I’ve been doing some more mobile development lately – building some applications on the SAP Mobile platform (what was formerly known as the Sybase Unwired Platform) and therefore cranking up some development environments for Android, BlackBerry and even iOS. In preparation for this work, I was updating my Eclipse instance on my Mac Mini plus creating a new Windows VM with Eclipse and all of the tools I needed. One of the things I noticed is that the whole concept of Eclipse plug-ins is essentially broken when it comes to mobile development.
Let me explain…
The Android development tools embraced Eclipse early on and worked very hard to make sure their stuff simply ran on most any version of Eclipse out there. There were some initial incompatibilities with the Java 7 SDK, but that’s to be expected with a big version upgrade for an underlying technology like Java, and although the Android SDK installer wanted to install its files in the Windows Program Files folder, that rarely worked. At the end of the day though, the Android SDK fit nicely into most any version of Eclipse.

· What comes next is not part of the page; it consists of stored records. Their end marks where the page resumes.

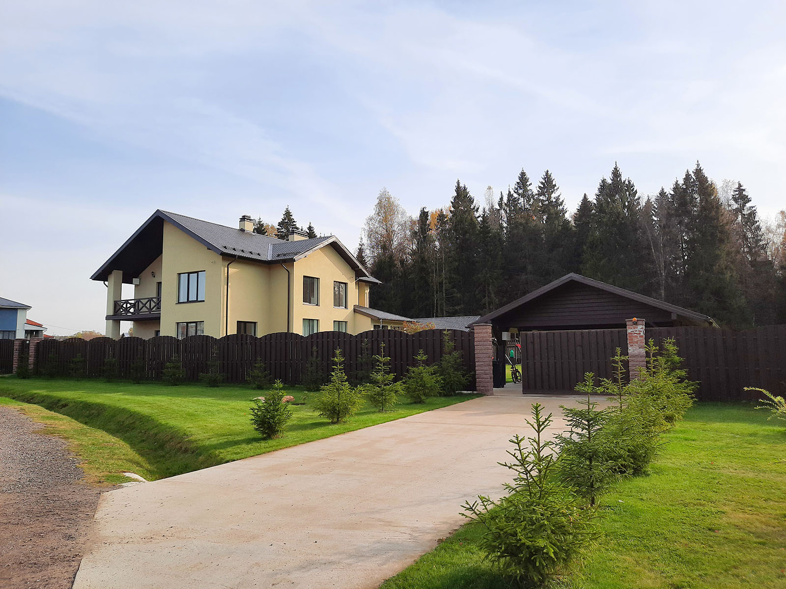 Безопасность, исключающая свободный доступ посторонним на территорию коттеджного поселка: поселок обнесен забором высотой 2,8 м по периметру, проезд – только через КПП;
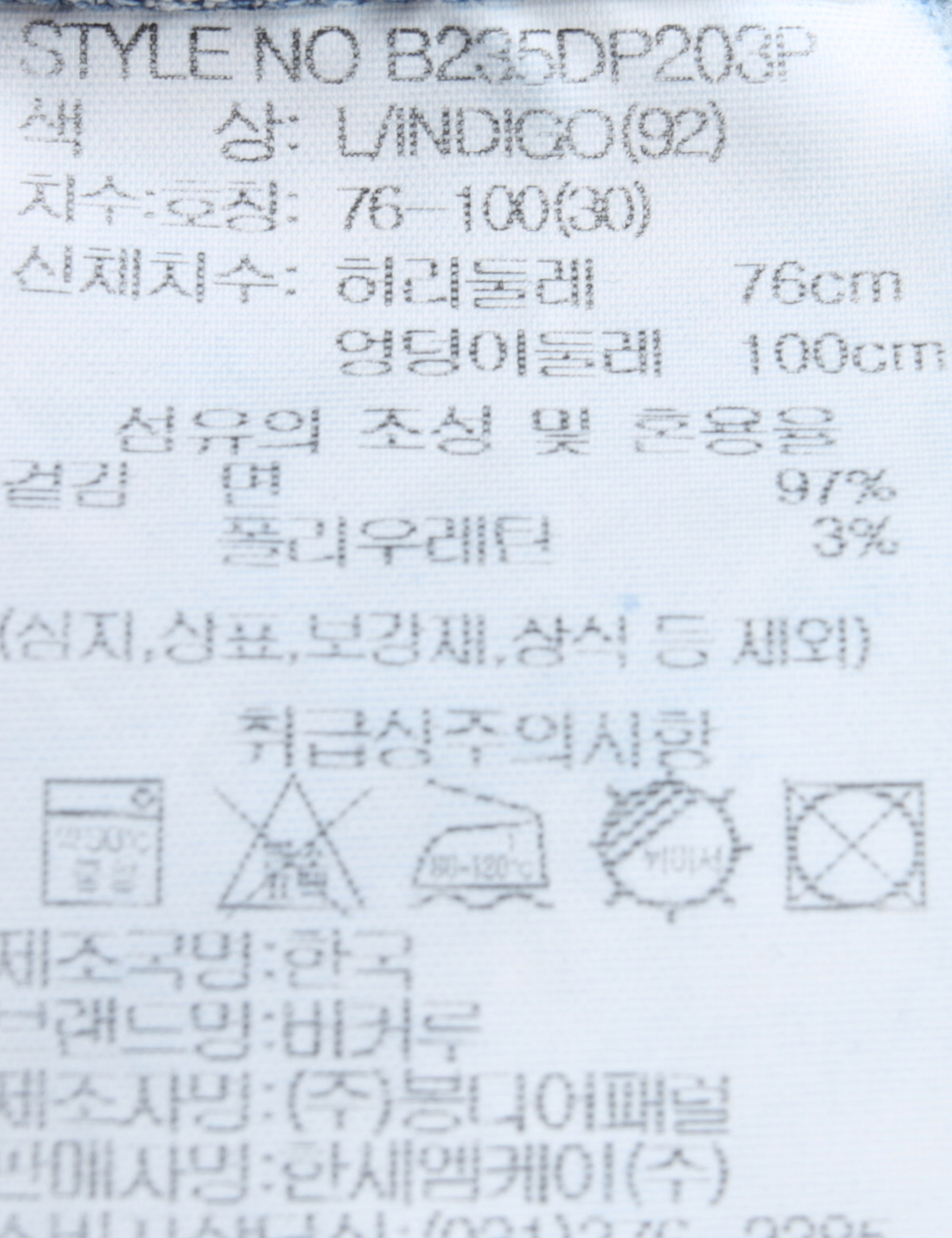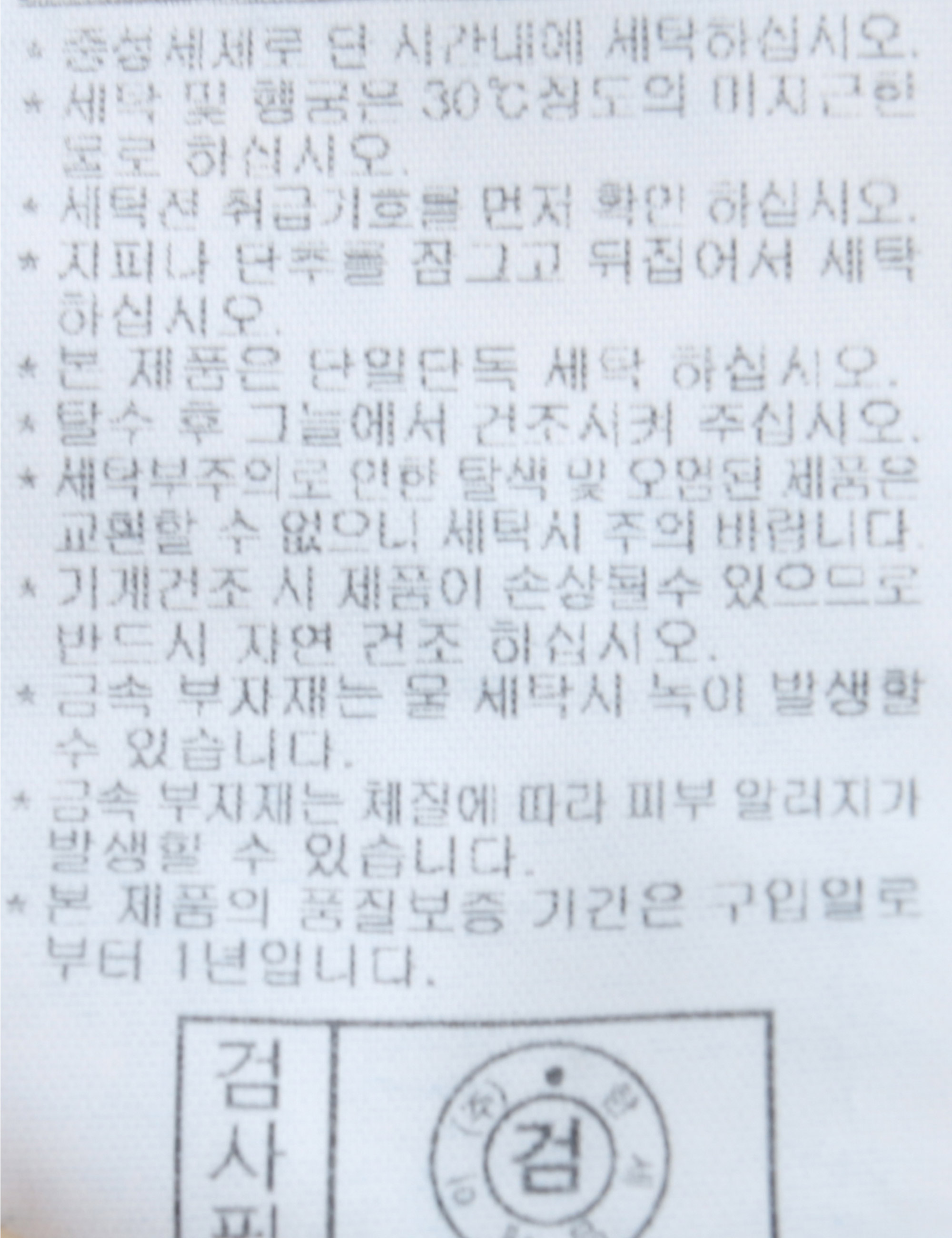 | 세탁방법 및 취급시 주의사항 | 중성세제로 단 시간내에 세탁하십시오.(케어라벨참고) |
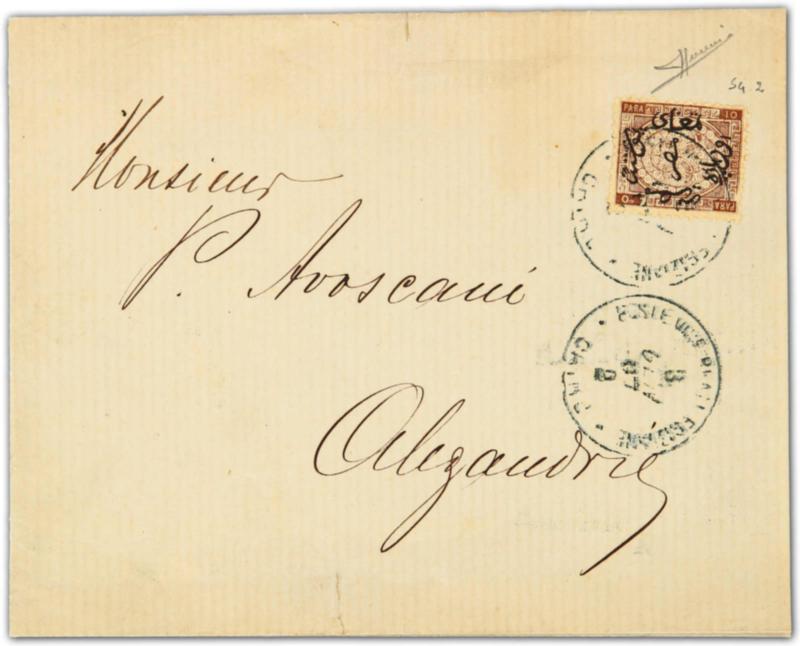 1867, printed matter rate entire letter sent from Cairo to Alexandria bearing single franking first issue 10 para tied by "Cairo 3 Jan.67" postmark, on reverse Alexandria arrival cds (Image)

I just downloaded the latest version of the Android SDK and noticed that the installer was gone (not sure I’m really a fan of that) and there was a new folder included in the download with a complete instance of Eclipse. OK, so Google’s now telling us that they suggest that you do your Android development with their instance of the Eclipse IDE.

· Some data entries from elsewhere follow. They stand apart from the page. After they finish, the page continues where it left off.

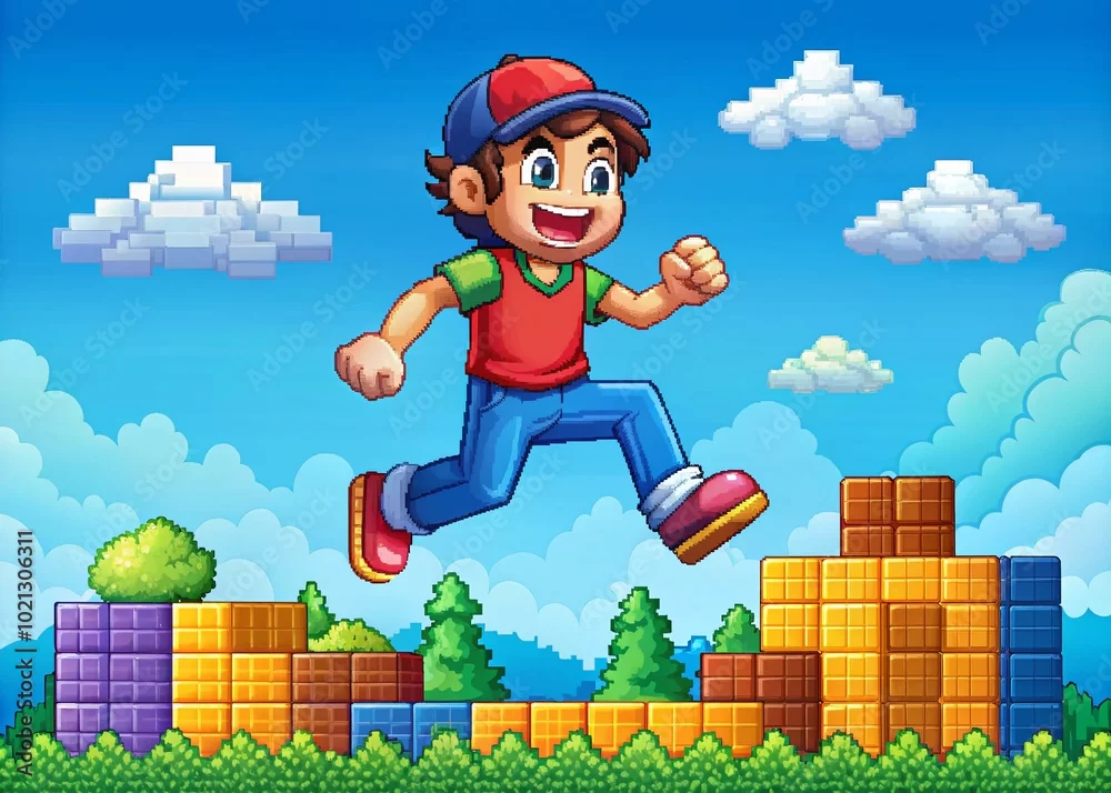 Colorful Retro Gaming Character Jumping Over Blocks in a Fun Pixel Art World for Video Game Enthusiasts and
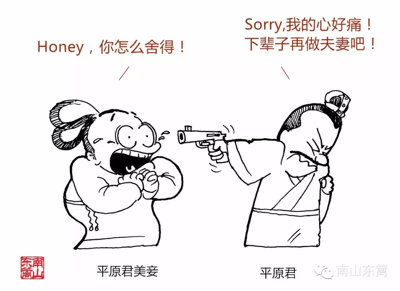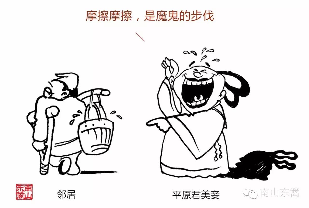 平原君家有位美人,在楼上看见对面邻居一个跛脚汉子在打水,不禁大笑。
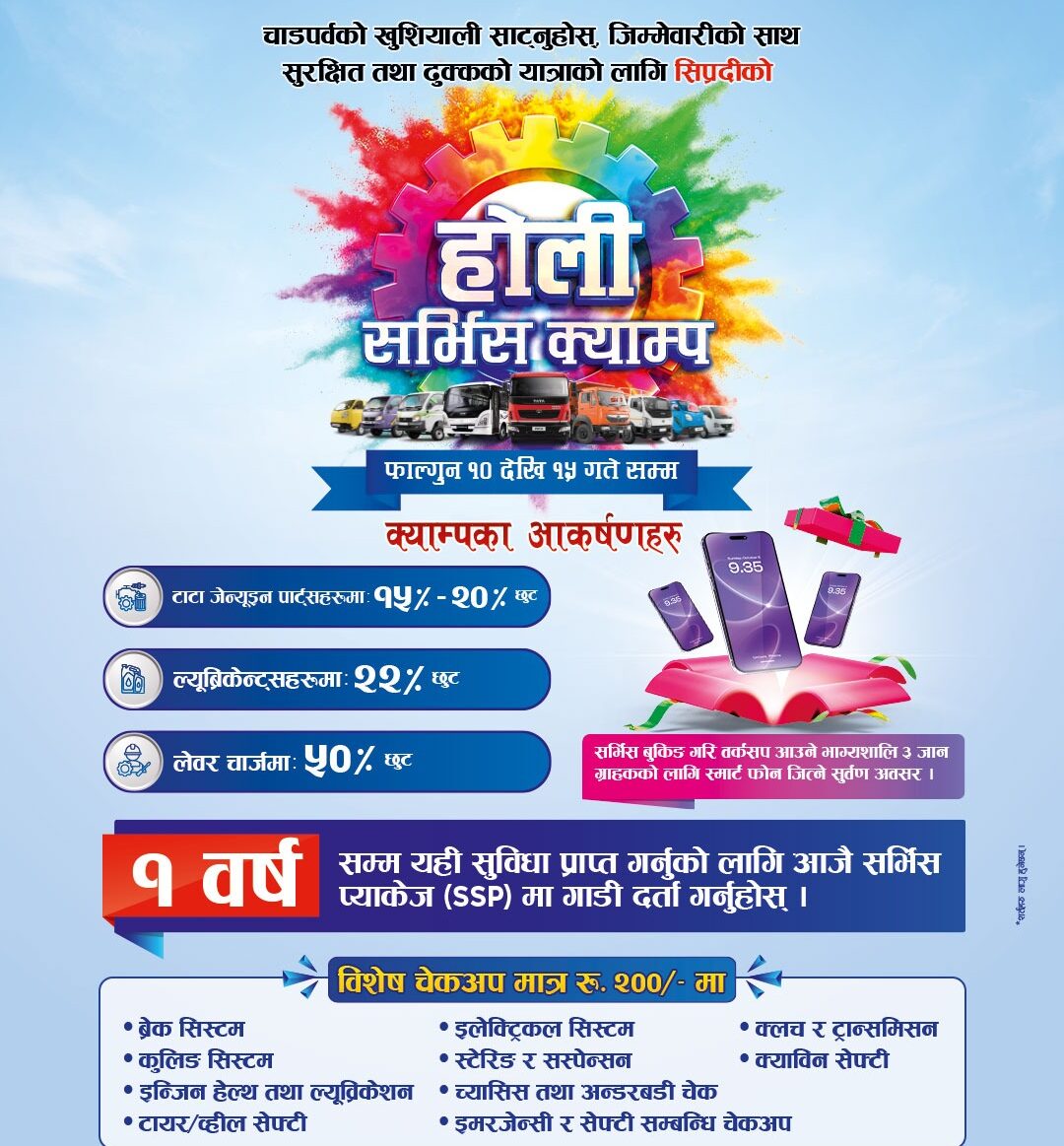 काठमाडौं– होली पर्व नजिकिँदै गर्दा टाटा कमर्सियलले ग्राहकलाई आजदेखि १५ गते सम्मका लागि होली सर्भिस क्याम्पको आयोजना गरेको छ । उक्त क्याम्प सिप्रदीका २० वटा सर्भिस सेन्टरहरुमा एकै साथ संचालन हुनेछ । कम्पनीका अनुसार उक्त क्याम्पमा सहभागी ग्राहकका गाडीहरूको सुरक्षित यात्राको सुनिश्चितता प्रदान गर्नका लागि विशेष १० वटा प्वाइन्टहरु १.ब्रेक सिस्टम २.कुलिङ सिस्टम ३.इन्जिन हेल्थ तथा ल्यूव्रिकेशन […]

The BlackBerry Java SDK is fickle, very fickle. Even though the Android DSK has embraced most any version of Eclipse, with the BlackBerry Java SDK, it supports only Eclipse version 3.7 (https://developer.blackberry.com/java/download/requirements/). That wouldn’t be that bad, except that 3.7 is pretty old. So, imagine you’re using the latest and greatest Eclipse stuff to do Android or some other development, you’re going to have to maintain a completely separate, older version of Eclipse simply for BlackBerry development.
Here’s some screen shots of what you get when you successfully install then try to run the BlackBerry Java development SDK in a current version of Eclipse.
What was particularly maddening about this particular problem was that the error messages about the pre-processor configuration are cyclical, the one message appears, then you’re prompted to restart Eclipse then the error message appears, then you’re prompted to restart Eclipse. It never ends.
Notice too the error messages about missing a DLL? Unfortunately, that error was generated on a Macintosh – not sure there’s a lot of DLLs on a Mac.
The IBM Worklight developer tools have similar restrictions – I downloaded the trial last year and was having fits trying to get it to work. I expect everything to be like the Android tools – simply work in most any version of Eclipse, but after struggling with the Worklight plug-in installation, I finally looked at the system requirements and noticed it too only supported an older version of Eclipse.
The SAP Mobile Platform (SMP) tooling uses Eclipse 3.7, so it’s really easy to setup BlackBerry and Android Java development environments within the SMP development tools. At the end of the day though, you’re still setting up a separate environment just for SMP development – and adding yet another Android instance to your configuration if you want to do both Android and BlackBerry development in the same IDE where you’re doing your SMP development. I would be happier though if SMP was a plug-in as well, rather than a complete IDE installation like it is today.
The moral of the story is that it simply shouldn’t be this hard! Google’s making the investment to make their stuff work in most any version of Eclipse – how hard can that be? RIM (now called BlackBerry) and IBM I imagine have to have similar sized development teams, why can’t they build Eclipse plug-ins that just work? Granted BlackBerry has been really busy with BlackBerry 10, and has essentially abandoned Java development, you’d think they would want to make things simple for their developer community.
With so many of the mobile development vendors supporting restricted versions of Eclipse, developers can’t truly benefit from the plug-in capabilities of Eclipse. Either Eclipse has made making compatible plug-ins too hard or these mobile development tool vendors or the vendors are simply not trying hard enough. I’ve never built an Eclipse plug-in, so I really can’t say. At the end of the day though, what’s the value of an IDE with a plug-in architecture if I still have to install and maintain separate instances of the IDE just to use different plug-ins?
If you’re not going to do that – at least make the system requirements more visible so that people like me who don’t go looking for the system requirement before installing an Eclipse plug-in can know that what they’re trying to do won’t work. Why not include the supported eclipse version in the plug-in name?
Better yet, why not simply include version checking into the plug-in installation process? Let me know during installation that the plug-in is not compatible with the version of Eclipse I’m running? That would seem to make sense – why let me install something that you know is not going to work?